Ybry BrandConcern B.V.
- Type: Privately held
- Industry: Perfumery / Fashion
- Founded: 1925 / 2005
- Founder: Simon Jarosslawski
- Headquarters: 23 Herengracht, Amsterdam, the Netherlands
- Number of locations: Worldwide online presence
- Area served: Worldwide
- Products: Luxury goods
- Website: www.ybry.com

= Ybry =

French luxury perfume and fashion house

Ybry is a French luxury perfume and fashion house founded in 1925 by Simon Jaroslawski. It formerly resided at 6 rue Ybry, Neuilly (Seine). In 2005 the brand was revitalized and the trademark and original bottle designs were filed for international protection. Amanda Witteman is the company's spokesmodel.

==History==

Simon Jaroslawski, a respected 'nose' (perfumer) in the perfume industry, pioneered the (then) modern abstract geometric design for his bottles. He held very strong artistic views. He created perfumes for the emancipated young women of the era. A distinguishing feature of the Ybry line are the bottle designs. Ybry also had an office in New York City. Ybry perfumes were advertised as being "the most expensive in the world". During the Great Depression the unemployment and panic in the United States had a chilling effect on the fortunes of the French luxury trades.
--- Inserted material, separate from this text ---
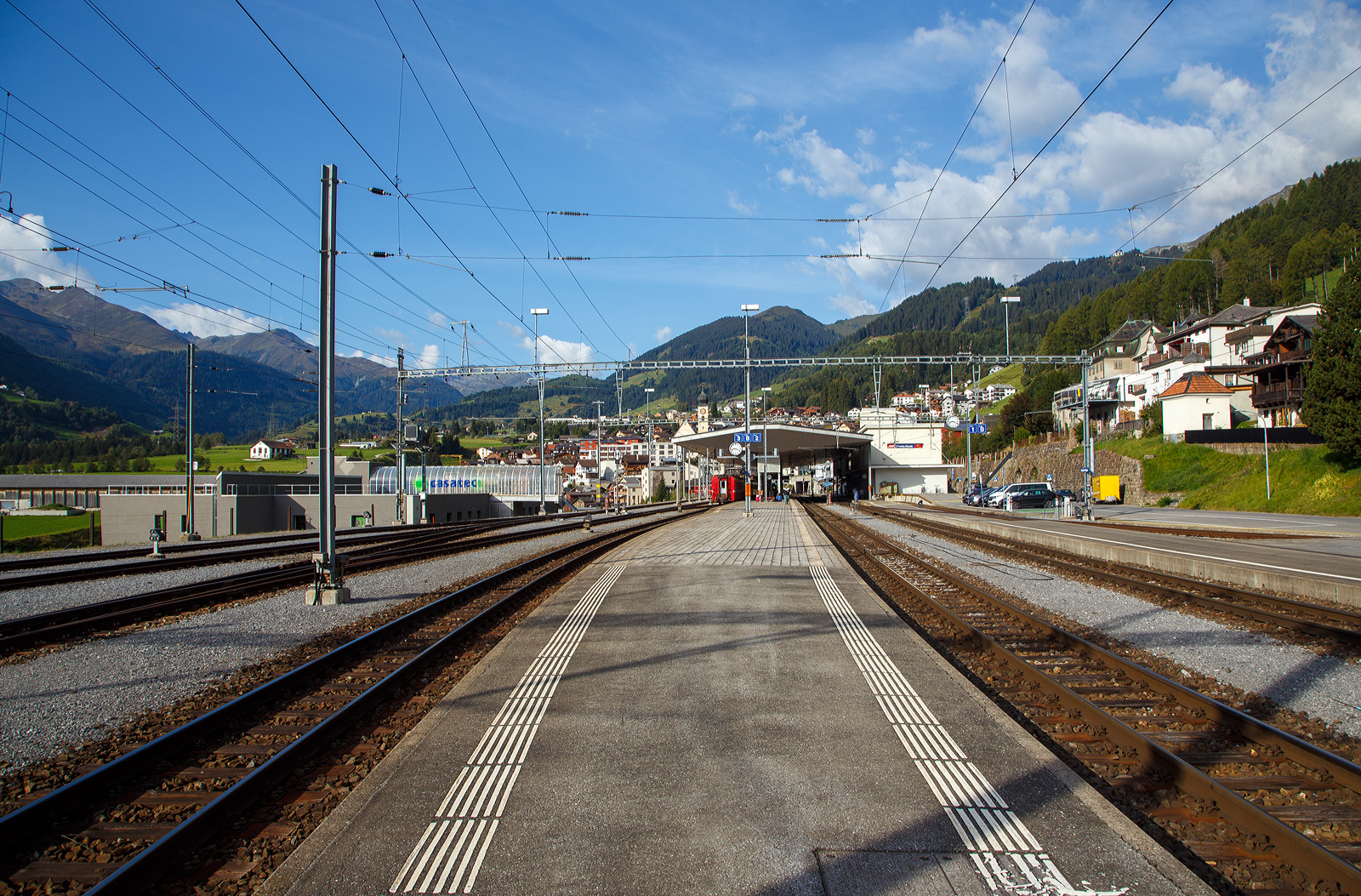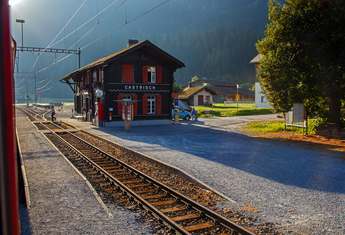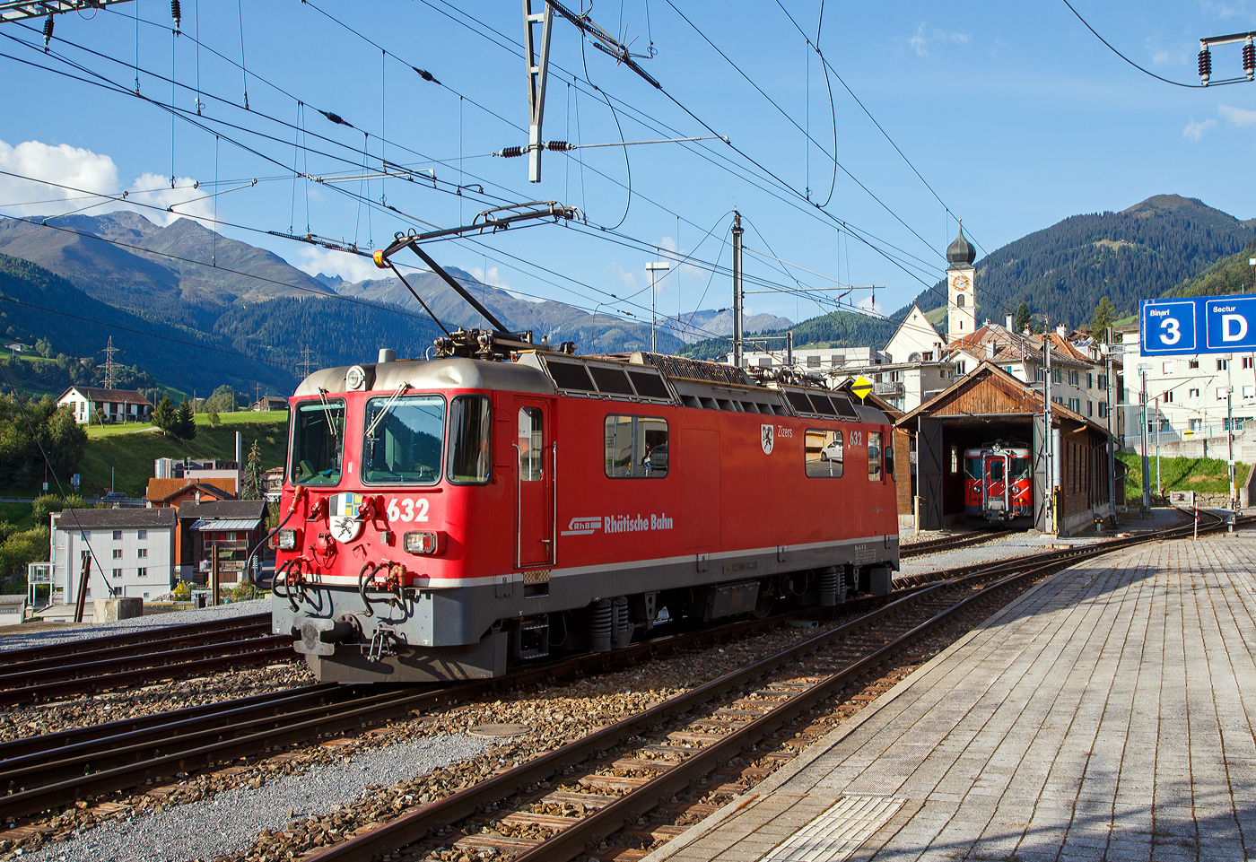 "Bei Disentis", in Werk von 1957 vom Schweizer Maler, Zeichner, Lithograf und Kinderbuchautor Alois Carigiet, hier am 20 Februar 2017 im Bahnhof Alp Grüm, an dem ALLEGRA-Zweispannungstriebzug ABe 8/12 RhB 3515 "Alois Carigiet".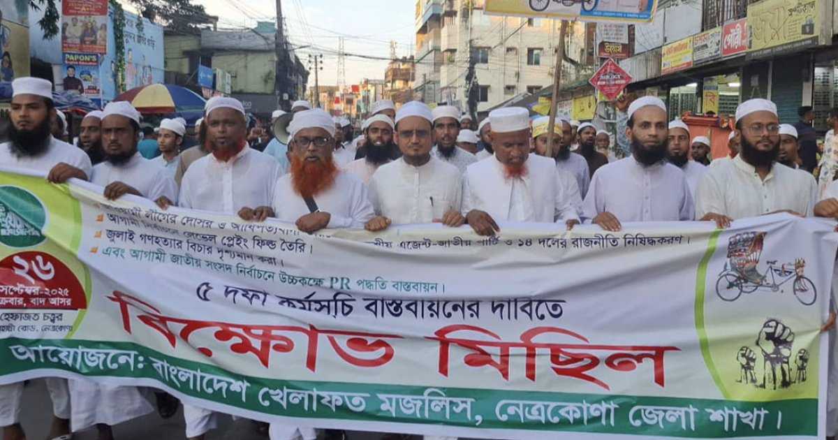 অবিলম্বে জুলাই সনদের পূর্ণাঙ্গ বাস্তবায়নসহ ৫ দফা দাবিতে ঘোষিত কর্মসূচির অংশ হিসেবে বাংলাদেশ খেলাফত মজলিসের উদ্যোগে দেশব্যাপী বিক্ষোভ মিছিল ও সমাবেশ করেছে দলটি।

The production costs of the prestigious and luxurious Ybry creations weakened the financial position of the company and Simon Jaroslawski fell into personal bankruptcy in 1932. The original Ybry brand continued to exist in the USA until the 1940s.

==Products==

===Cooperation with Lalique and Baccarat===
Jaroslawski collaborated with Baccarat bottle design but commissioned Lalique to create the Art Nouveau glass medallions. Baccarat produced the classic Ybry perfume bottle, a flattened square in colored crystal. The bottles consisted of white crystal overlaid with colored crystal to create a unique luminescent opacity. Each color delineated a specific perfume and a different gem. The colors include red, jet black, slag green to darker green, orange to butterscotch, and deep purple to lavender. The bottles generally included matching enameled and gilded metal covers. The covers were placed over stoppers at an angle on one corner of the bottle. The atomizers were given either chrome or gilt brass hardware. The colored bottles came with round, gold foil embossed labels, the black bottles with square, silver foil embossed labels. This bottle received a patent granted on 1925.
The bottles ranged in size from 7 7/8" tall down to diminutive sample sizes of 1 3/8" tall. The presentation boxes were covered with fine leather and often had color-coordinated small triangular segments and luxurious silk tassels. Other boxes looked like little suitcases and were covered in suede, and held multiple presentations, such as three bottles and two atomizers. Another rare example held two bottles, one atomizer and a Lalique medallion attached to the case with a silk tassel.

===The vintage perfumes of the Ybry line===
- 1925 Mon Ame
- 1925 Femmes de Paris
- 1927 Desir du Coeur
- 1927 Devinez
- 1928 Les Bourgeons
- 1929 Amour Sauvage
- 1929 Les Fleurs d'Ybry
- 1929 Un Soir de Ma Vie
- 1931 Toujours l'Amaint
- 1932 L'Amour Toujours
- 1935 Joie de Vivre
- 1935 Hearts Desire
- 1939 Odorade
- 1939 Old Fashion Garden
- 1940 French Bouquet
- 1940 Eau de Cologne
- 1940 French Cologne
- 1940 Naturelle
- 1940 Honeysuckle
- 1940 Wild Daphne
- 1942 Palo Alto
- 1944 The Buds
- Infusion de Fleurs
- Mon desir

===The relaunch===
The perfumes Amour Sauvage, Femme de Paris, Desire du Cœur, Mon Ame, Devinez and Ruban Rose (Pink Ribbon) are offered in coloured crystal bottles with engraved and enamelled square brass toppers. Each perfume has a different colour bottle, black for Amour Sauvage emerald green for Femme de Paris, ruby red for Desir du Coeur, amethyst for Mon Ame, coral for Devinez and pink for Ruban Rose. The Ruban Rose was released in dedication to breast cancer survivors and victims.

==Current activities==
Specializing in luxury goods (haute couture, ready-to-wear, handbags, perfumery, cosmetics, etc.), the YBRY label is striving to become a recognized name in the fashion industry.

==Kapsule the Lagerfeld imitation==
In August 2008 Karl Lagerfeld introduced Kapsule to the luxury perfume market. Although Luz Herrmann and Karl Lagerfeld claim original design, the bottle is an exact copy of the famous Ybry bottles.